1 Papp R, Schuback G, Beck E, et al. Oscillococcinum in patients with influenza-like syndromes: a placebo-controlled double-blind evaluation. British Homeopathic Journal. 1998;87:69-76.
Employees should do their part by calling in sick or avoiding close contact with co-workers when contagious. Practice good “flu etiquette” by covering the nose and mouth when coughing or sneezing. Wash hands frequently and try not to touch mucus membrane areas like the eyes, mouth or nose that are susceptible to germs. And keep Oscillo handy in a desk drawer to take at the first sign of symptoms.WHY EMPLOYERS AND EMPLOYEES SHOULD CARE ABOUT FLU
Every year, between 5 percent and 20 percent of the United States population gets the flu. Estimates of the effect from the common flu strain on productivity vary because of monitoring difficulties. Yet, most statistics demonstrate that businesses should consider the impact.
- “According to the U.S. Department of Labor, the average worker will be out 2.8 days. If 15 million workers get the flu in a winter, that translates into a cost of nearly $20 billion for U.S. employees. This figure doesn’t even include the cost incurred when employees go to work sick and can’t perform at their peak. It is estimated that these employees who come to work with the flu increase lost workdays by 10 percent to 30 percent.”

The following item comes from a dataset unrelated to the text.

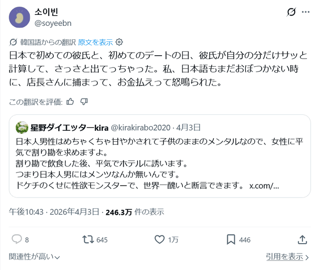 ドケチのくせに性欲モンスターで、世界一醜いと断言できます。 https://t.co/Ho81yyZPEu— 星野ダイエッターkira (@kirakirabo2020) April 2, 2026

(Source: “Combating normal flu virus” by Sharon Kaleta, CEO of the Disability Management Employer Coalition. Business Insurance, Jan. 23, 2006.)
- The Center for Health Research Rural Advocacy at Geisinger Health System in Danville, Pa., “calculated the total cost of presenteeism in the United States to be more than $150 billion per year.” Sick workers are less productive, take longer to get better and often infect their colleagues.
(Source: Paul Hemp, Harvard Business Review, October 2004.)
- “About 10 percent to 12 percent of all absences from work are because of the flu. That translates to about 15 million lost workdays a year. And that doesn’t count people who come to work sick and perform under par, or healthy workers who stay home to take care of sick relatives.”
(Source: Roslyn Stone, COO of Corporate Wellness, Inc., a healthservice company based in New York City. Tallahassee Democrat, Nov. 17, 2005.)
- In a typical year, it is estimated that flu in the workplace may result in as much as $10 billion in lost productivity.
(Source: David Cutler, Harvard University health economist. “Flu vaccine shortage could cost the U.S. $20 billion,” Associated Press, Oct. 21, 2004.)
- “Memorial Hospital in Colorado cites statistics showing that an average of 75 million workdays is lost to viral illness in the U.S. every year. Flu-stricken employees miss an average of three workdays. This costs companies about $7 billion in sick days and lost productivity.”
(Source: “Enlisting Keyboard in the Fight against Flu” by Tom Gaudio. NJBIZ, Oct. 24, 2005.)
- “Flu costs American businesses nearly $12 billion annually in lost productivity.”
(John Beckley, Director, Hunterdon County Department of Health. Courier News, Bridgewater, N.J., Nov. 3, 2005.)